The money set aside as an emergency fund should be kept in bank FDs. You don’t want such funds stuck with financially strained NBFCs or companies.

October 16, 2023 / 06:59 IST
Bank fixed deposits

Banks offering 7 percent or more should be sufficient as the primary place for FDs.


Depositors are spoilt for choice these days. Not only have the Reserve Bank of India’s interest rate hikes made bank fixed deposits attractive again (most bank FD rates hover at about 7 percent), but even non-banking finance companies are offering as much as 8-9 percent on deposits.

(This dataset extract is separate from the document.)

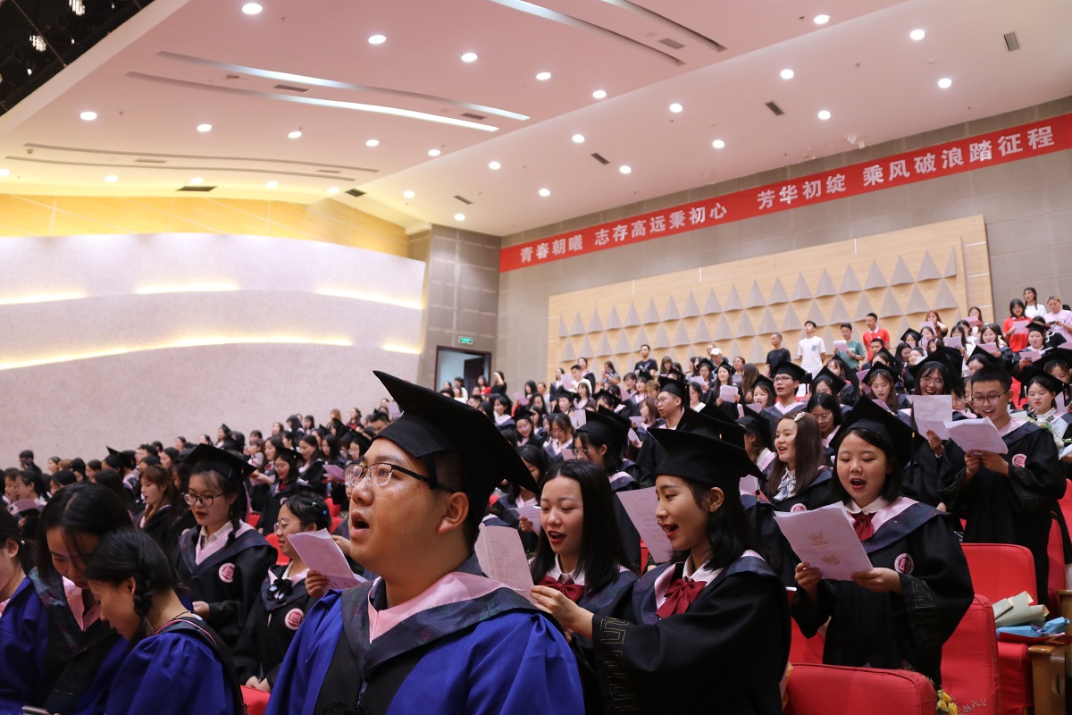 在庄严的国歌声中,毕业典礼拉开帷幕。在观看毕业视频后,毕业典礼正式开始。
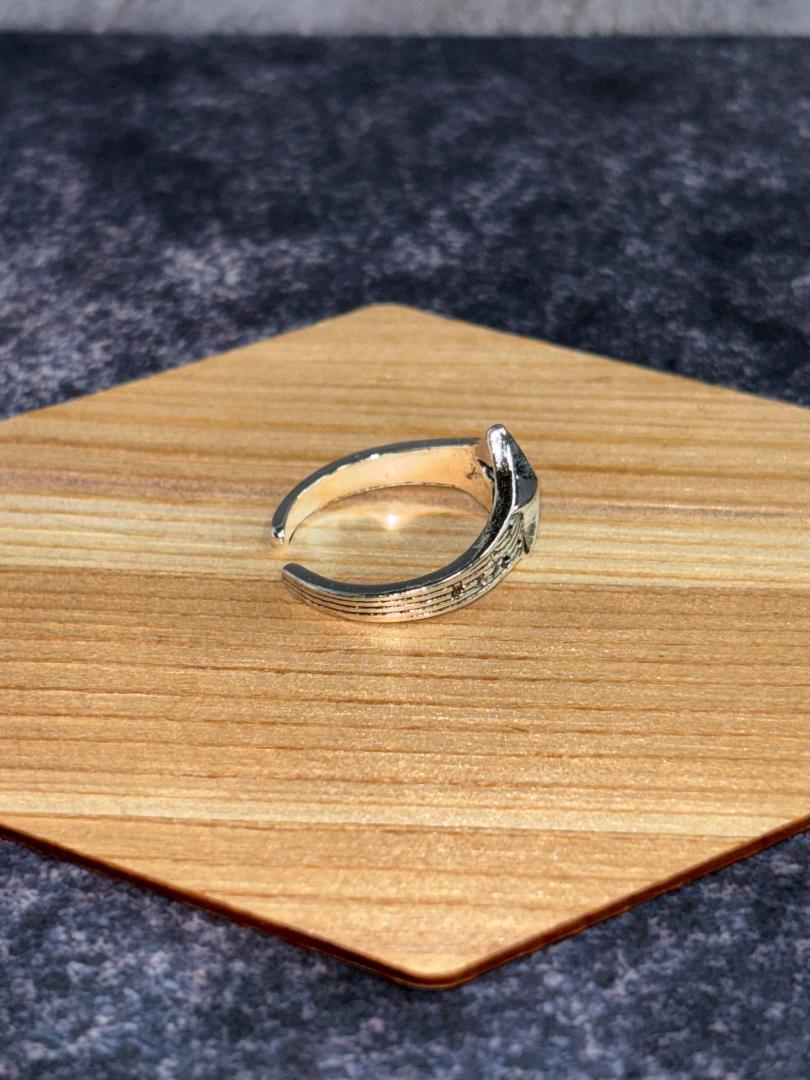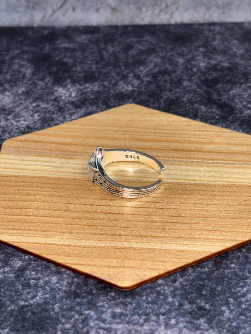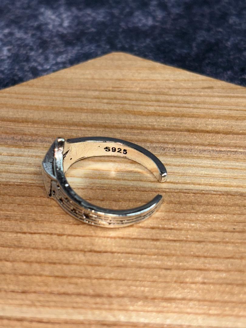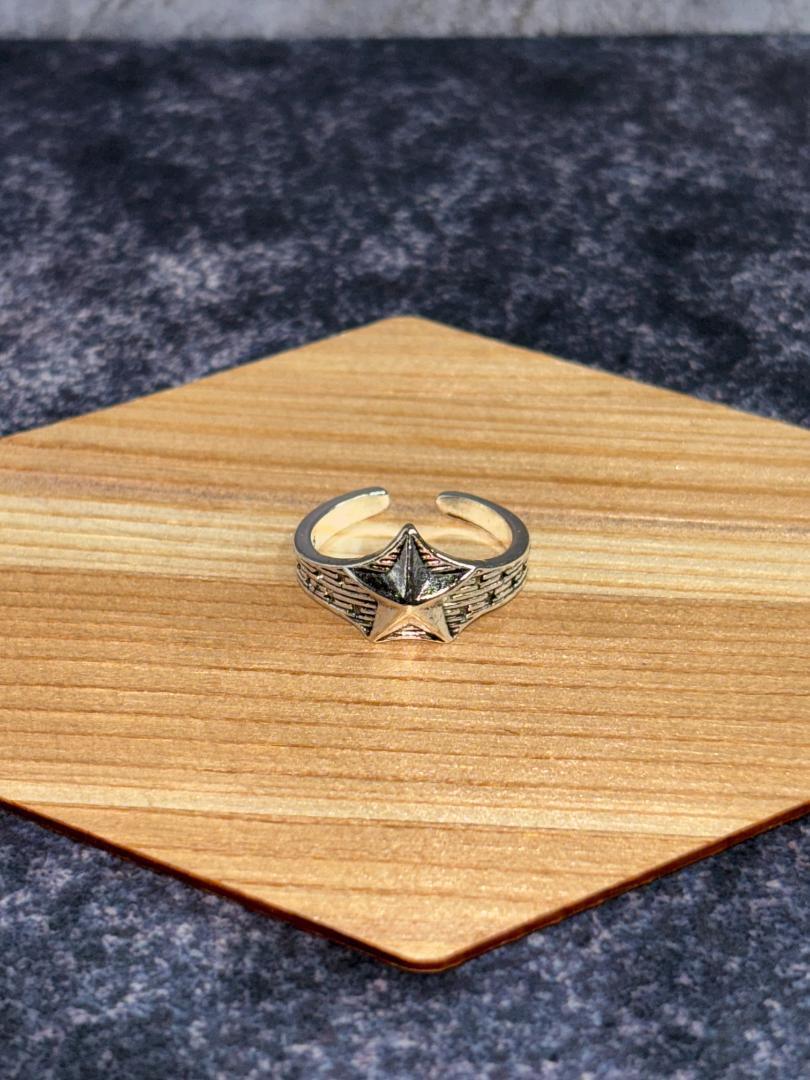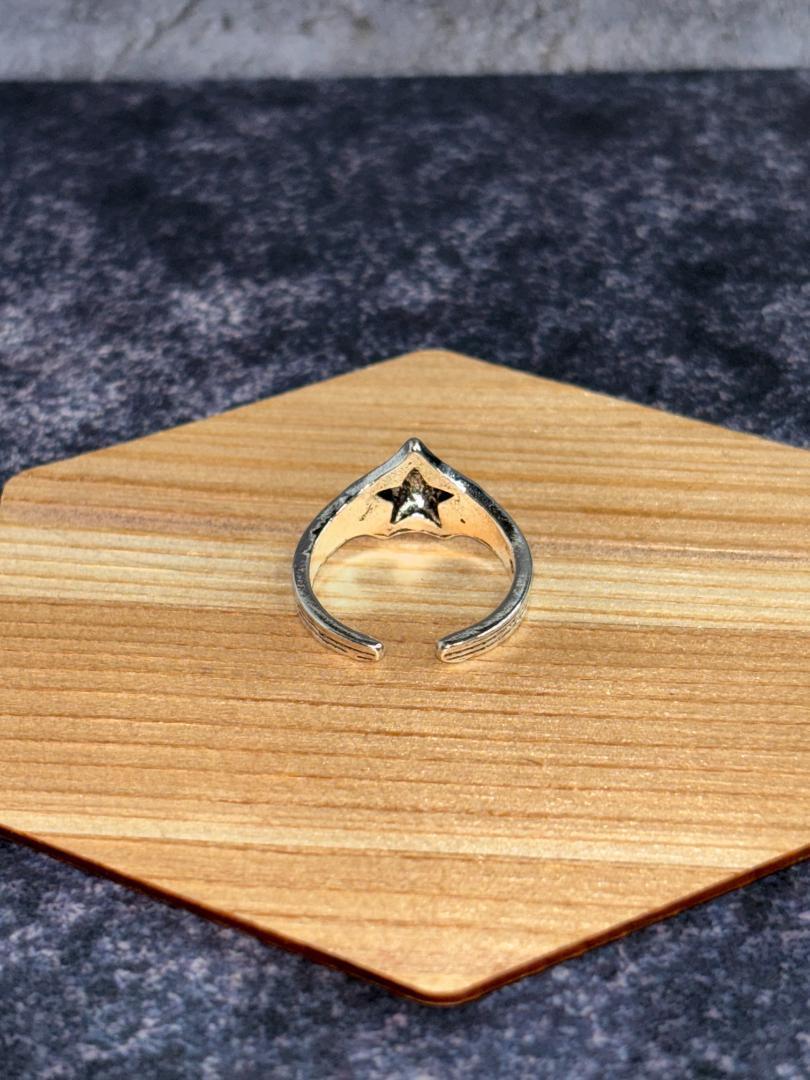 星の稜線を強調した造形と、サイドに走る細かな彫り込みが光を拾い、存在感とヴィンテージ感を両立するスターリングです。

Naturally, depositors are tempted by the higher rates. But is that the right approach? Is it prudent to place your funds with whoever offers the highest rate? The answer is: No. We will discuss the reasons in a bit.

Choosing between a bank and an NBFC can be difficult when you look at factors other than interest rates. First, let’s understand something fundamental.

Why do NBFCs offer higher interest rates?

Banks and NBFCs need money to lend. And both are allowed to raise money from depositors. But NBFCs, unlike banks, don’t have the luxury of raising ‘easier and cheaper’ money via savings/current accounts (CASA).

Also, given the structure of their business and their different regulatory requirements, NBFCs have additional credit risk built into their fabric. And because of this, NBFCs generally offer higher rates than bank FDs.

While the risks are higher for NBFCs – that’s the fundamental reason they offer higher rates – this doesn’t mean that all NBFCs are highly risky. There are hundreds of NBFCs but very few are allowed to collect deposits.

All NBFCs are not the same and hence, they should be evaluated accordingly. An NBFC that lends to riskier small enterprises is definitely riskier than one that lends to housing finance, isn’t it?

An easy way to assess risk is to look at credit ratings. These ratings can help individuals determine the creditworthiness of NBFCs. Those with low ratings are riskier than those with higher ratings and generally offer higher rates.

While high rates can be very attractive, one must not forget that risky entities offer such rates to compensate for high risk-taking.

Another way is to scrutinise the finances of the company – look into the balance sheet, profit & loss statement, and non-performing asset levels. But this isn’t possible for everyone.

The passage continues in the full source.